Why starts the rotation vector of a body in the intermediate axis theorem to rotate in the same direction as the body? In this video, explaining the intermediate axis theorem (Dzhanibekov-effect) in a very nice way (around 7:52, from the perspective of the co-rotating frame where centrifugal are present) one can see (starting at 1:12) that the axis of rotation of the wingnut itself starts to rotate (on subsequent momentary cones with the top in the center of motion). 
I asked myself if this is always the case, for every object rotating around a principal axis with a moment of inertia that lies between the highest and lowest momenta of inertia (the intermediate axis). The axis of rotation will always start to rotate on a (continuously in width varying cone) cone because the axis of rotation can't be exactly aligned with the direction of motion (though this motion is not necessary for the effect to occur). No matter how small the angle between the two, the angle will grow in time.
Now, why should the rotation of the body's rotation vector on the continuously changing double cone (from small width to a plane to one with a small width again) have the same direction as the rotation of the body around its intermediate principal axis? 
Is the intuitive explanation I give in the answer plausible?
 A: Suppose we find ourselves in an inertial frame in which the body rotates and moves in a straight line. Its angular momentum vector lies on this straight line. But the smallest angle between them makes the axis of rotation start to rotate around the momentum vector. This means that both sides of the body every instant move on both sides (called nappes) of a double cone has with an apex that coincides with the CM of the body. The CM always lies on the straight line of moving.  
When the angular momentum starts to rotate around the body's momentum vector, the double cone is continuously varying (which is why I used the term "instant" in the previous alinea) in width: from small to maximum (when the body's rotation vector is perpendicular to the momentum vector, and the cone become a plane for an instant) going on to small again. But why the body starts to rotate around the momentum vector in the same direction as the body's rotation vector?
Now if the instantaneous rotation of the body on the cone has the same direction as the rotation of the body around the intermediate axis, the body rotates around the momentum vector and centripetal forces are present on both sides of the body. While the centripetal force on one side of the body is accelerating the angular momentum (which can most easily be seen for thee wingnut) of the body around the intermediate axis the one on the other side is decelerating it. The one that decelerates the angular momentum though wins, so the angular momentum around the intermediate axis decreases in accordance with the increase in angular momentum due to the rotation on the cone.  
At a certain point (when the body's rotation vector instantaneously rotates in a plane associated with the double cone), the angular momentum around the intermediate axis is zero, after which the rotation around the cone makes the body rotate again around its intermediate axis, in the opposite as when it started (the associated rotation vector, and thus angular momentum has reversed). The rotation around the "flipped" double cone diminishes. So the angular momentum around the intermediate axis increases again (as already said, its direction is reversed, because when the body has flipped 180 degrees, the angular momentum is the same as at the start), while the angular momentum of the rotation on the cone decreases, going to zero after the full 180 degrees flip.    

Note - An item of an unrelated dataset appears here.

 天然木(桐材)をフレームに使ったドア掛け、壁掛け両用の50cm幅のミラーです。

The flipping of the body is caused by centripetal forces directed towards its CM. The flipping begins slowly, accelerates to a maximum when it has rotated 90 degrees, after which it's decelerated to 180 degrees.  

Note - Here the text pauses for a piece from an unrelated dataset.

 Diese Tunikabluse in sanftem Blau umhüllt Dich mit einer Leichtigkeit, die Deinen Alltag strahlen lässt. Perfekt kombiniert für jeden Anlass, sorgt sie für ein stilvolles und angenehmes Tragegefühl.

If the intermediate axis of rotation would start to rotate in the contrary direction, this would accelerate the rotation of the body around the intermediate axis, so the total angular momentum would increase, which can't be because it should be conserved (without external torques acting on the body, which is the case here).
I'm not sure if one can say that conservation of momentum is the cause. I mean, this doesn't explain the mechanism. But for sure, the mechanism implies the conservation of angular momentum.